First criterion: Confounder is associated with the outcome. In this example, Exercise is assocaited with Death.
Subjects who exercise had a lower risk (RR = 0.50; 95% CI: 0.42, 0.60) and odds (OR = 0.46; 95% CI: 0.37, 0.56 ) of Death compared to subjects who did not exercise. Hence, this satisfies the first criterion for confounding. The results are summarized into a table below.
For the second criterion, we look at the association between Exercise and Cholesterol Status (High v. Low).
### Criterion 2: The confounding variable (Exercise) is associated with the Cholesterol Status (Is exercise associated with cholesterol?)
Table4<- matrix(c(1750, 500, 850, 800), nrow = 2, ncol= 2)
Table4
## [,1] [,2]
## [1,] 1750 850
## [2,] 500 800
riskratio.wald(Table4, rev = c("both"))
## $data
## Outcome
## Predictor Disease2 Disease1 Total
## Exposed2 800 500 1300
## Exposed1 850 1750 2600
## Total 1650 2250 3900
##
## $measure
## risk ratio with 95% C.I.
## Predictor estimate lower upper
## Exposed2 1.00 NA NA
## Exposed1 1.75 1.62551 1.884024
##
## $p.value
## two-sided
## Predictor midp.exact fisher.exact chi.square
## Exposed2 NA NA NA
## Exposed1 0 5.385362e-66 3.221793e-66
##
## $correction
## [1] FALSE
##
## attr(,"method")
## [1] "Unconditional MLE & normal approximation (Wald) CI"
oddsratio.wald(Table4, rev = c("both"))
## $data
## Outcome
## Predictor Disease2 Disease1 Total
## Exposed2 800 500 1300
## Exposed1 850 1750 2600
## Total 1650 2250 3900
##
## $measure
## odds ratio with 95% C.I.
## Predictor estimate lower upper
## Exposed2 1.000000 NA NA
## Exposed1 3.294118 2.867891 3.78369
##
## $p.value
## two-sided
## Predictor midp.exact fisher.exact chi.square
## Exposed2 NA NA NA
## Exposed1 0 5.385362e-66 3.221793e-66
##
## $correction
## [1] FALSE
##
## attr(,"method")
## [1] "Unconditional MLE & normal approximation (Wald) CI"

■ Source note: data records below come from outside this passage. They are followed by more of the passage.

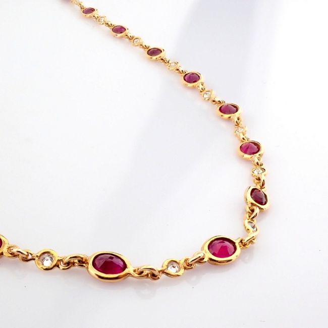 18K rose gold necklace detailed with rubies and brilliant diamonds
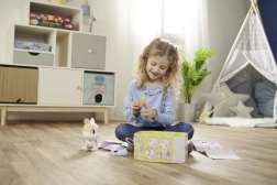 Neem het konijntje overal mee naartoe dankzij de papieren verpakking met handvat, die als draagbaar huisje dient. Binnenin wachten bovendien papieren zakjes met verrassingen – thematische accessoires voor nog meer speelscenario’s. Het magische pootje verklapt het geslacht van het huisdiertje en helpt kinderen een persoonlijke band op te bouwen.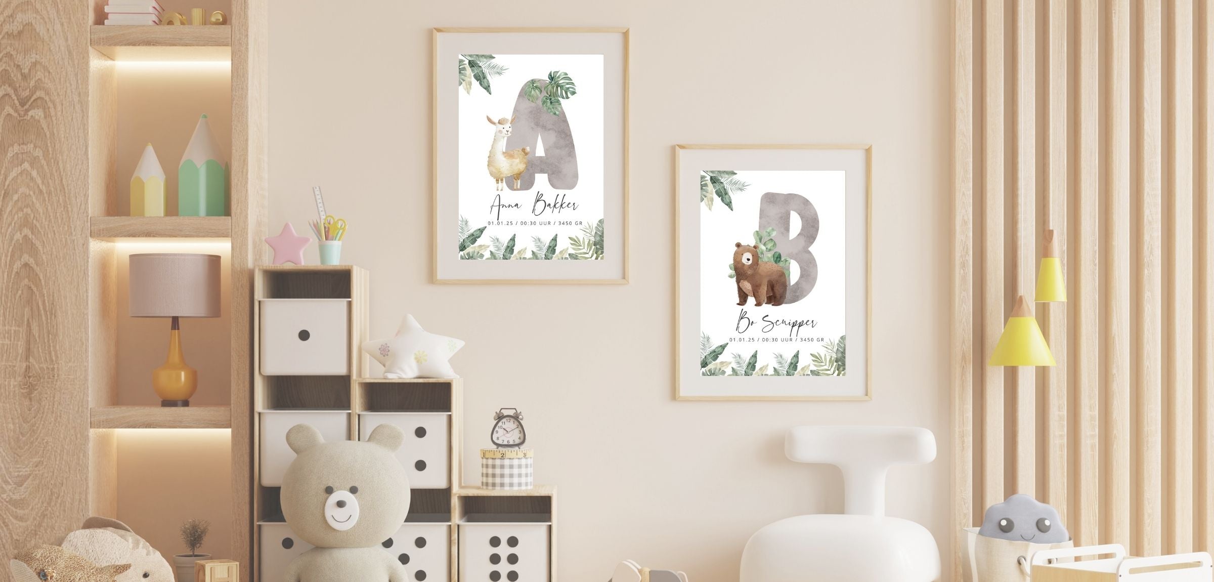 Geef een unieke en persoonlijke touch aan de babykamer met onze geboorteposter. Deze prachtige poster zet de eerste letter van de naam van je kindje in de spotlight, gevuld met levendige safari-elementen zoals schattige dieren, tropische bladeren en natuurlijke tinten.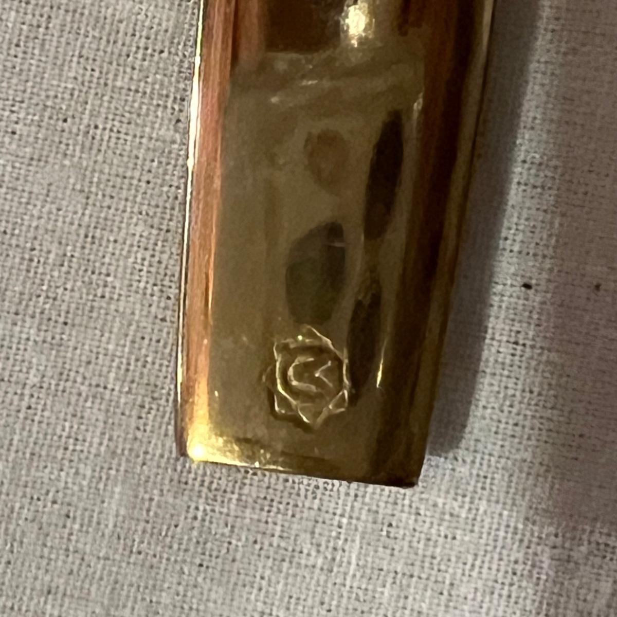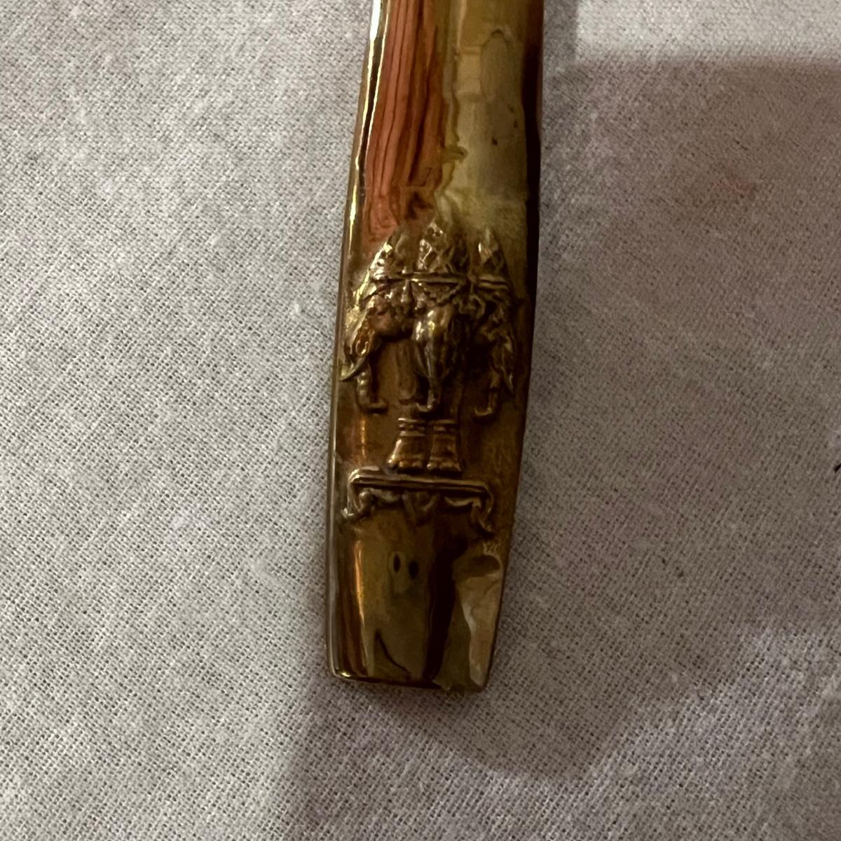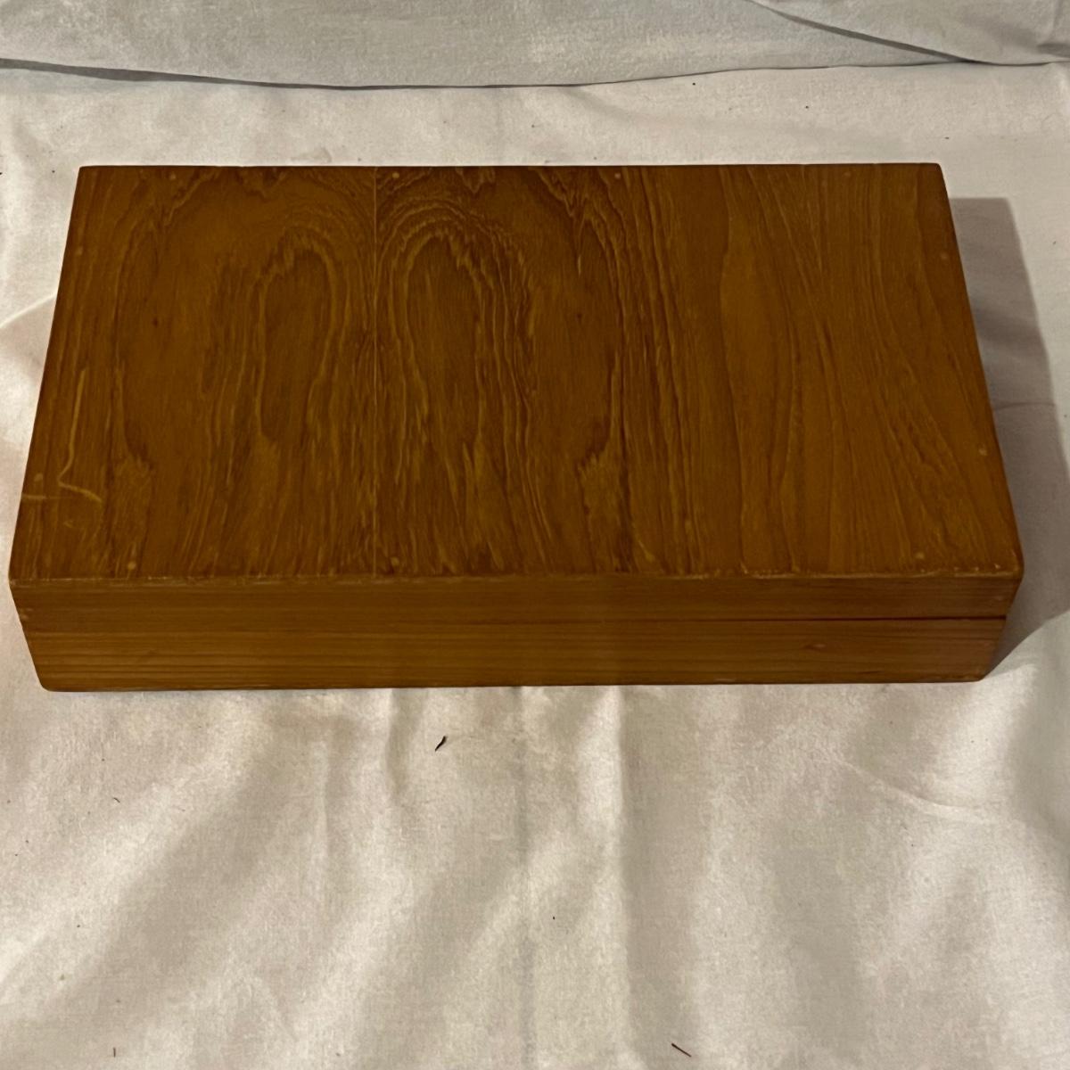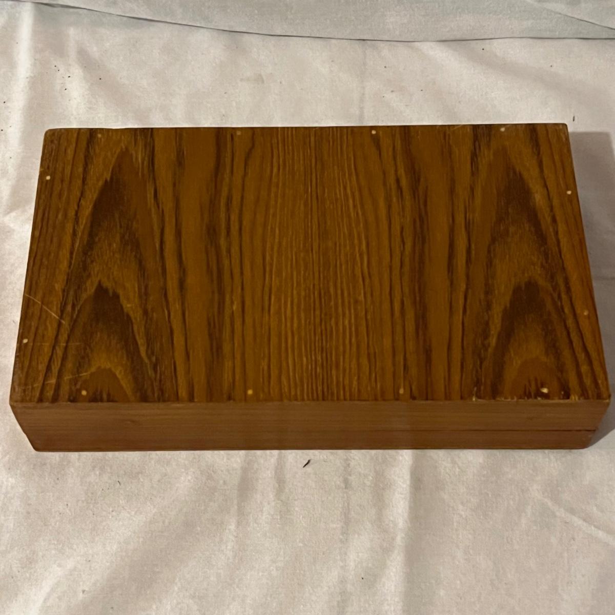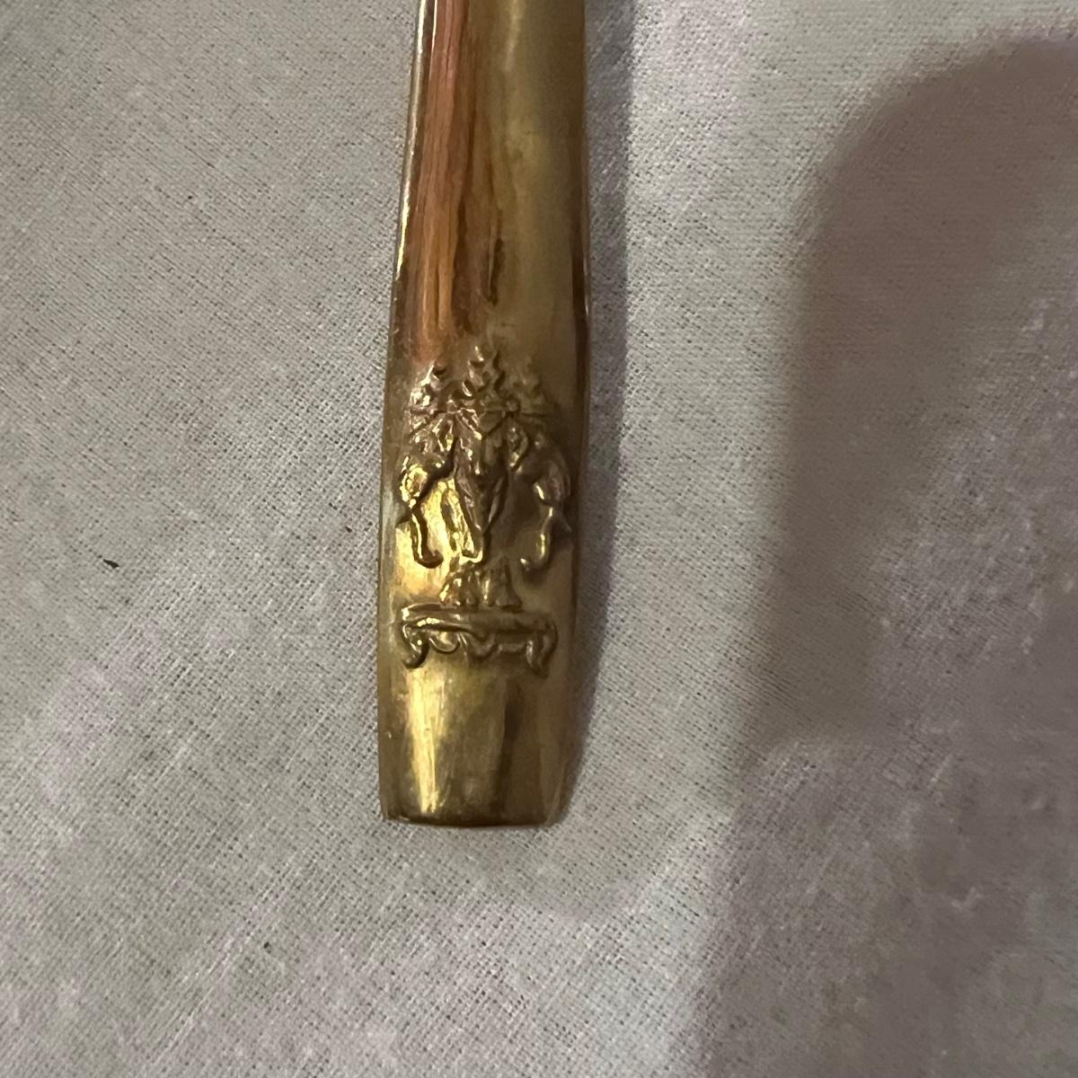 A complete setting of what appears to be nickel brass flatware for eight with five serving utensils. Forks are 7.25” long, spoons are 6” long and serrated knives are 8.25” long. The set comes in a wooden box.

Second criterion: Confounder is associated with the exposure In this example, Exercise is associated with Cholesterol Status (High and Low).
Third criterion: Confounder is not on the causal pathway between the exposure and outcome.
Subjects who exercise had a higher risk (RR = 1.75; 95% CI: 1.63, 1.88) and odds (OR = 3.29; 95% CI: 2.87, 3.78) of having High Cholesterol compared to subjects who do not exercise. Hence, this satisfies the second criterion for confounding. The results are summarized into a table below.
Since Exercise is not on the causal pathway between Cholesterol Status and Death, it meets the necessary criteria to be considered a confounder.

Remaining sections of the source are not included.